RECORDS FOR THE TASK:
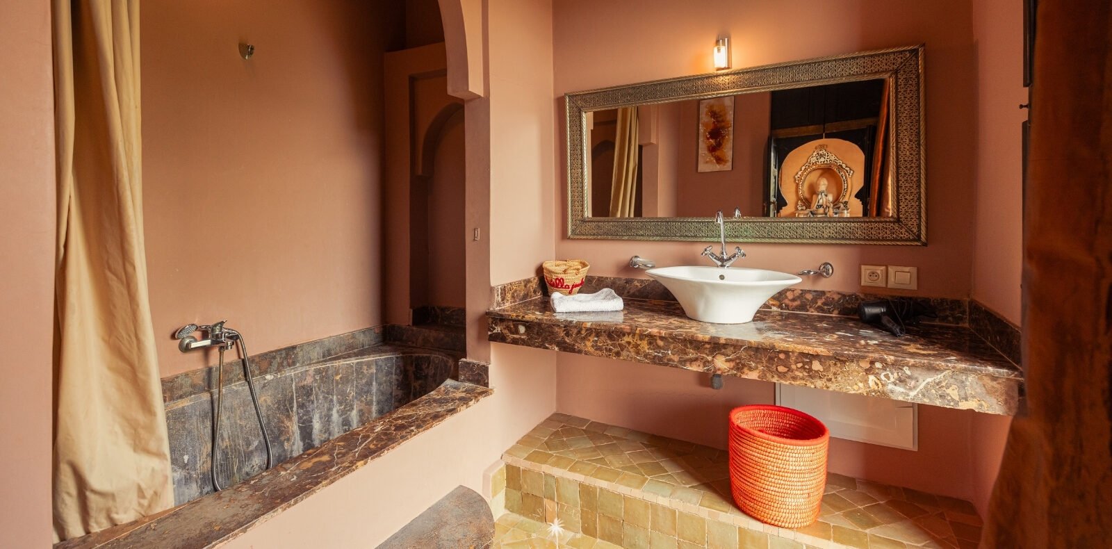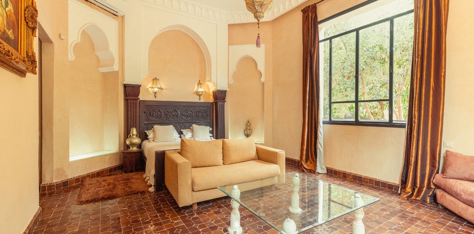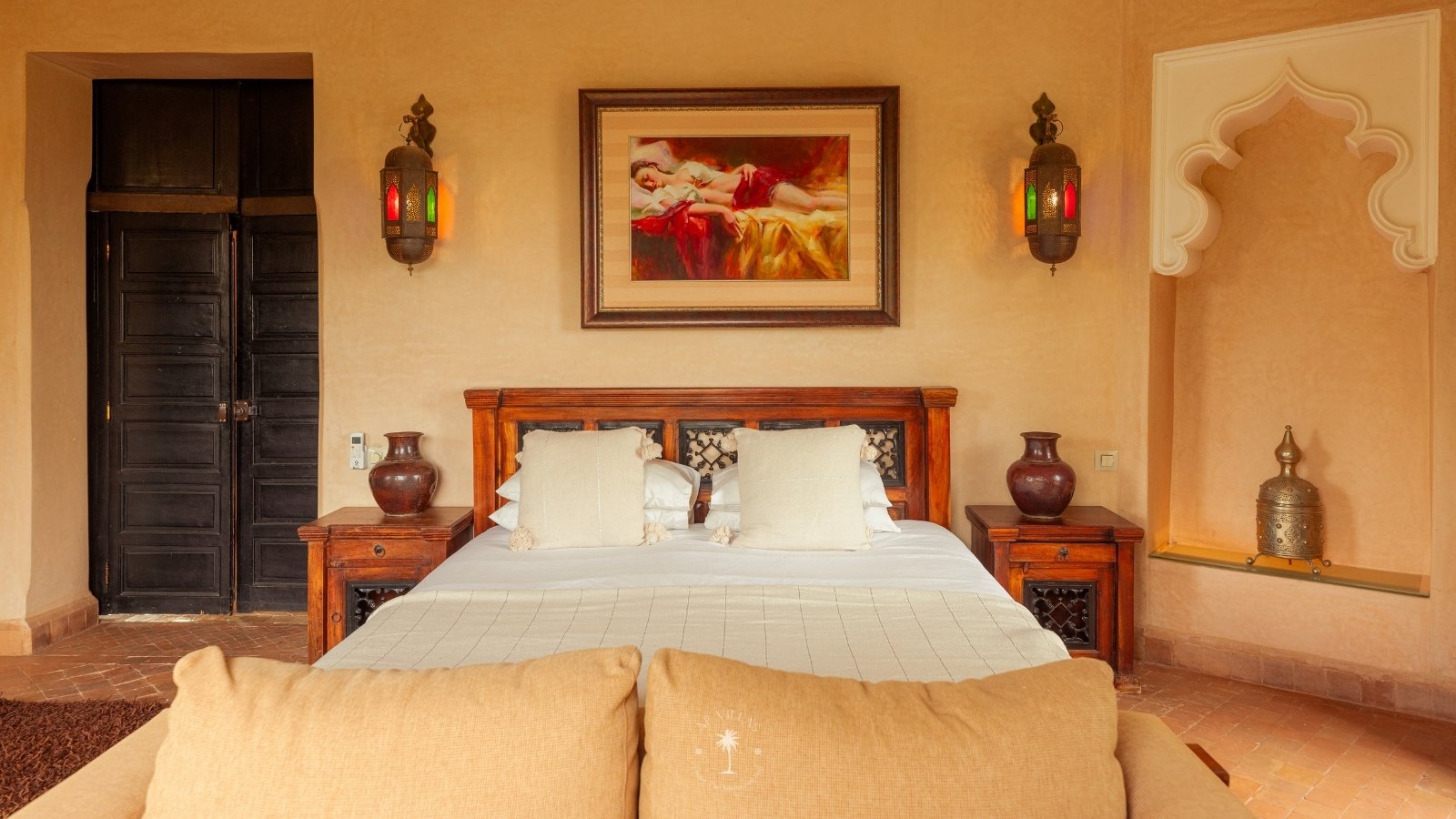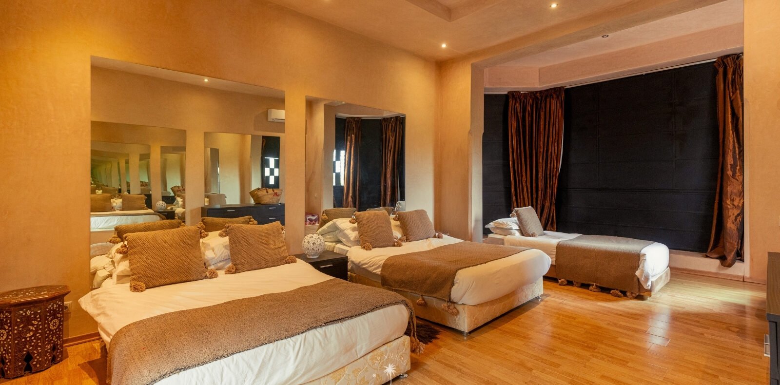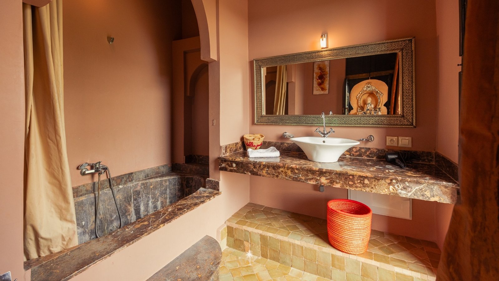 The villa features five luxurious suites plus an additional bedroom. Located just 7 minutes from the city center, exploring the vibrant ochre city is both effortless and convenient.
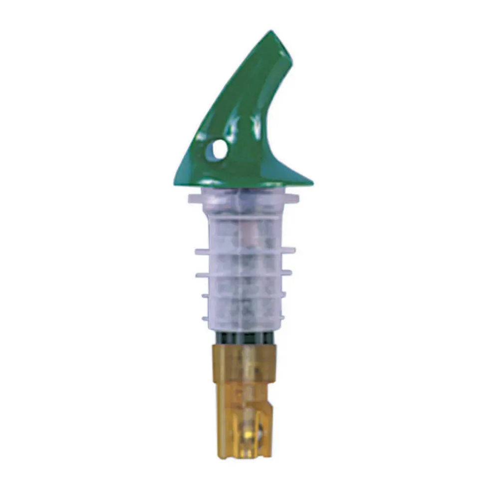 Streamline operations with the Spill-Stop, 384-14, Liquor Pourer. Designed for commercial restaurant use, this liquor pourer is a must-have tool for bartenders and mixologists. With its green color and no collar design, it adds a touch of style to any bar setup. Made in the USA, this pourer is crafted with quality and durability in mind, ensuring it can withstand the demands of a busy restaurant environment. The Spill-Stop Liquor Pourer is easy to use, allowing for precise and controlled pouring, reducing spills and waste. Its efficient design helps to increase efficiency and accuracy, saving time and money. Enhance your bar service and elevate your cocktail presentation with the Spill-Stop Liquor Pourer.
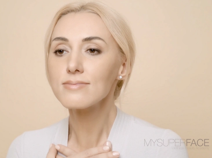 Кладем руку на ключицу, немного выдвигаем нижнюю челюсть и несильно запрокидываем голову назад. После этого нужно сформировать губами форму поцелуя. Задерживайтесь вверху на 2-3 секунды и возвращайтесь обратно. Повторите 20-30 раз.
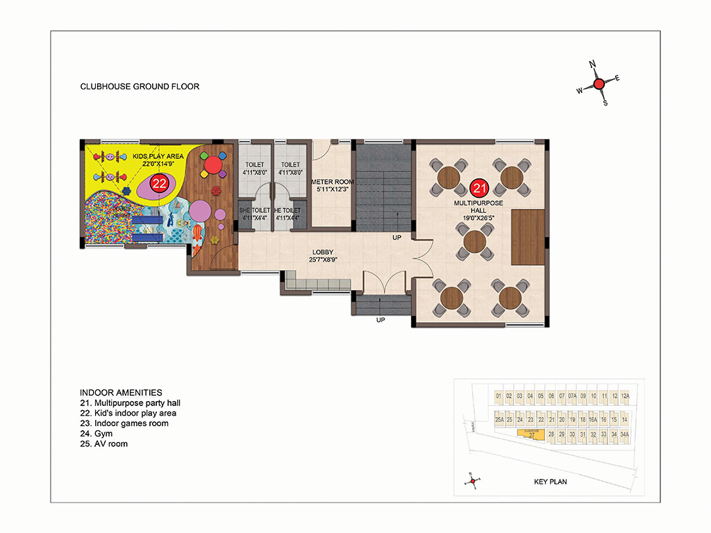 - Host yourself and your guests in our grand clubhouse with facilities like multipurpose party hall, Indoor games room & Kids play zone.
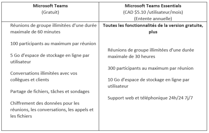 Comparaison entre la version gratuite de Microsoft Teams et Teams Essentials :
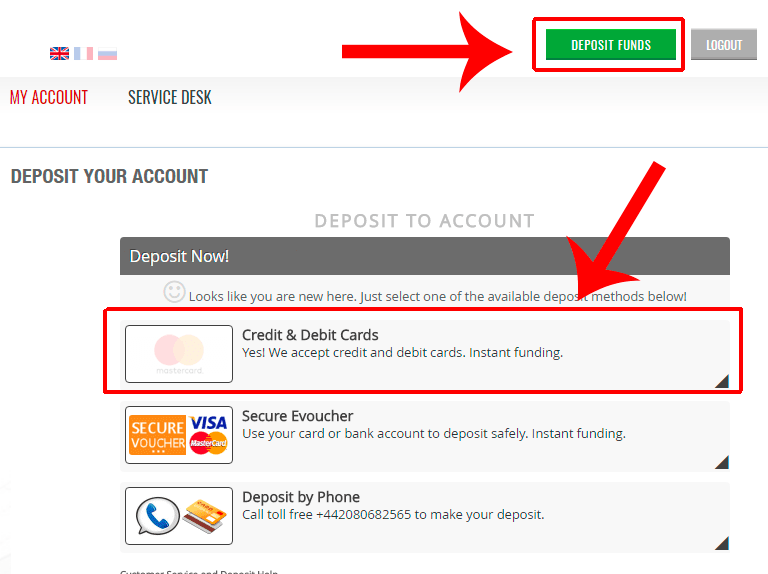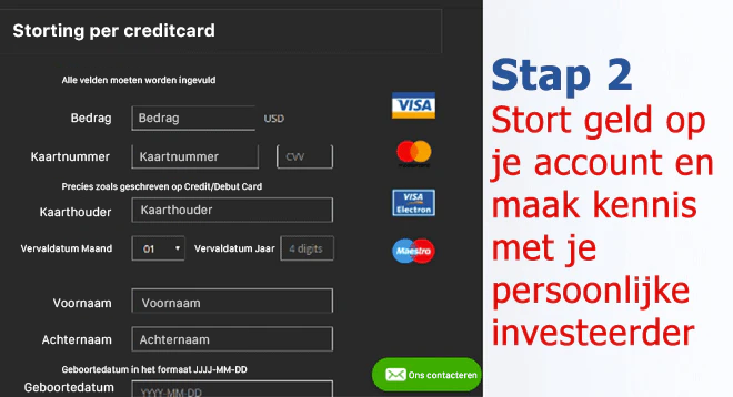 U kunt uw rekening financieren via een creditcard of een bankoverschrijving. Er zijn twee stappen om te beginnen:

ABOUT THIS EXERCISE: Write out only the lines from the line containing "- Host yourself" through the end of the material above, both end lines included. Pictures are not written out.

EXPECTED ANSWER:
 - Host yourself and your guests in our grand clubhouse with facilities like multipurpose party hall, Indoor games room & Kids play zone.
 Comparaison entre la version gratuite de Microsoft Teams et Teams Essentials :
 U kunt uw rekening financieren via een creditcard of een bankoverschrijving. Er zijn twee stappen om te beginnen:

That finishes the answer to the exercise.